Changing the Stakes: Transitioning Away from High Stakes Testing towards Project-Based Assessments in Public Schools

This summer, I worked with Professor Hantzopoulos on her project to analyze the transition of multiple public high schools in New York City from high-stakes testing to project based assessments (PBATs). In this case, the high-stakes tests that were being replaced were the Regents Exams that students in New York are typically required to pass in order to move on to the next grade. Project based assessments, as their name suggests, are projects that allow students to show what they have learned throughout the course of the year in a way that displays skills that will be useful to them in high school and especially college.

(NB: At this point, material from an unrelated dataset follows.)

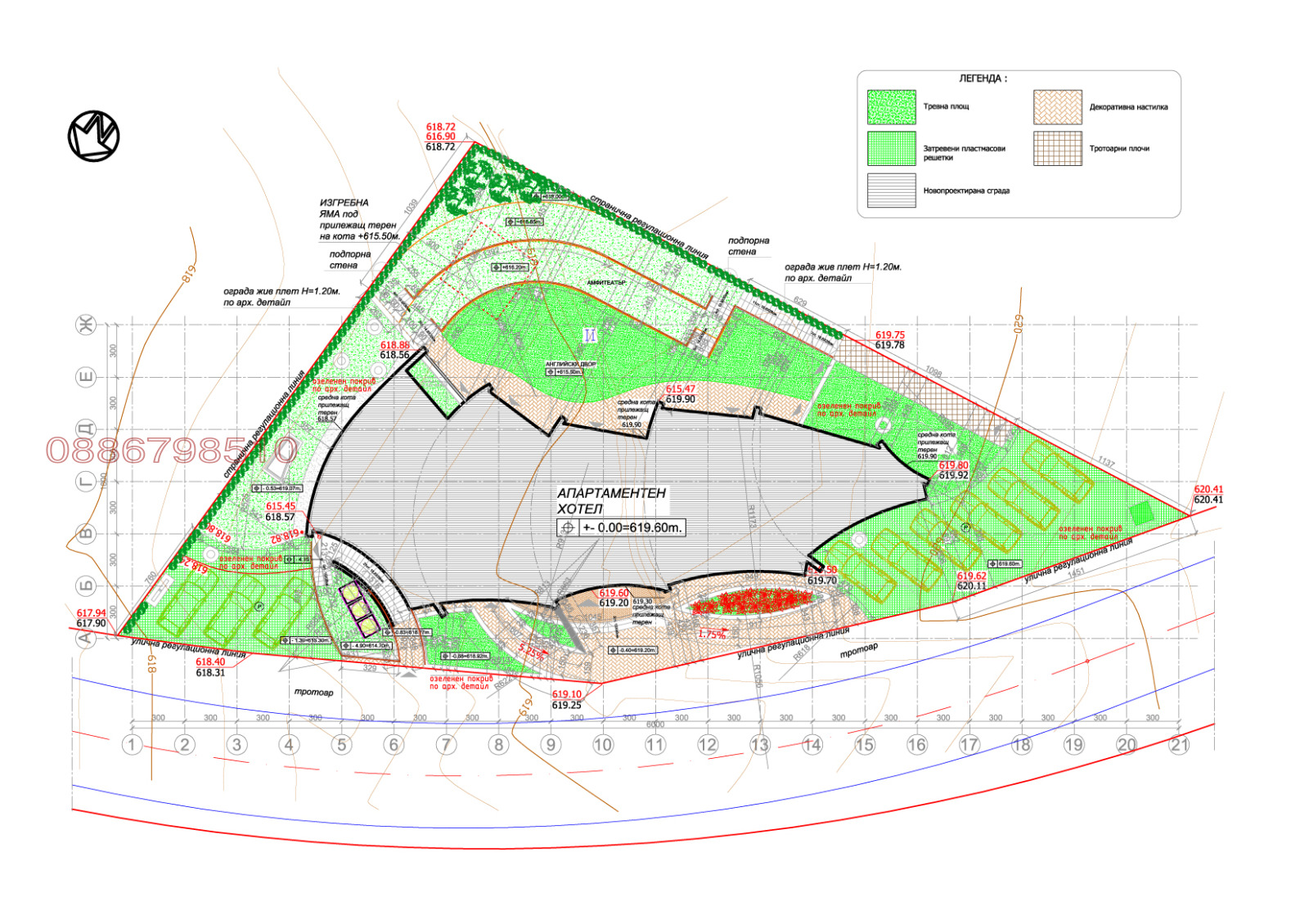 Парцелът разполага с изтекло разрешение за строеж на апартаментен хотел с РЗП 2000 м2. За проекта има и протокол за открита строителна площадка. ОТСТОЯНИЯ по въздух. 200м до резиденция Софарма. 300 м до Mountain View Village. 400м до Англо-американско училище. 2 км до Бизнеспарк София. 2 км до Панчаревско езеро и начална станция Симеоновски лифт. Ако желаете, в цената включвам и работния проект за апартаментния хотел. Парцелът е подходящ например за: 1) Луксозна жилищна сграда (с възможност за ресторант, кафе, СПА, магазини, галерия, терапевтични кабинети и т. н.). 2) Фитнес център. 3) Апартаментен хотел (сигурно запълване от Англо-американско училище и Бизнеспарк София). 4) Семинарен център/шоурум с хотелска част, ресторант и СПА. 5) Интернат или сграда за настаняване на персонала на Англо-американско училище (интерес от страна на училището след проведен разговор с ръководството). 6) КЛИНИКА. 7) Старчески дом от висок клас и др. Възможност за БАРТЕР срещу готова къща (до ключ) в южните райони на София. Обезщетение по договаряне. Контакт собственик:

I began my work for Professor Hantzopoulos by engaging in research. I investigated recent educational policies, specifically looking into Race to the Top and the Every Student Succeeds Act which helped me develop a better understanding of how the professor’s work on PBATS fit into the discourse that the reforms had been generating.

Evaders Child Campus, Bronx Lab is located inside.

With this context in mind, I had the opportunity to work at Lyons Community School in Brooklyn and Bronx Lab in the Bronx. Both schools are relatively new to the methods of PBATs, so their work is actually paving paths for other schools in New York and hopefully schools across the country to find alternatives to high stakes testing. My job at these schools was to be an external evaluator. I sat in on student presentations and not only evaluated them, but also interacted with the students and the teachers.

William J Gaynor Junior High, Lyons Community is located inside.

The students’ projects revolved around multiple different topics such as policing, prison reform, and the Montgomery Bus Boycott. Students normally began presenting their topics from a specific perspective, but they also displayed nuanced understandings when discussing the intricacies of their topics, especially when we asked them questions and challenged their ideas. This generated dynamic conversations that transformed the testing experience into an opportunity for communal learning.

At the same time, I reflected on how PBATs shape student achievement, well-being, and college preparedness, along with teacher professionalism and overall school culture. It seemed like PBATs provided students with a fairer chance to develop and display their knowledge than standardized tests do. In addition, the student/teacher dynamic was noticeably different in the way that students and teachers interacted during and after the assessments. The heavy-pressure environment that high stakes testing usually produces was actively removed and a comfortable space for learning and assessment was created instead.

As a rising senior who is passionate about education, the work that I did influenced my research for my thesis and my outlook on possible career paths. I was also able to better understand recent educational policy and how we could take steps toward searching for alternative methods of education, given the fact that PBATs demonstrate huge promise.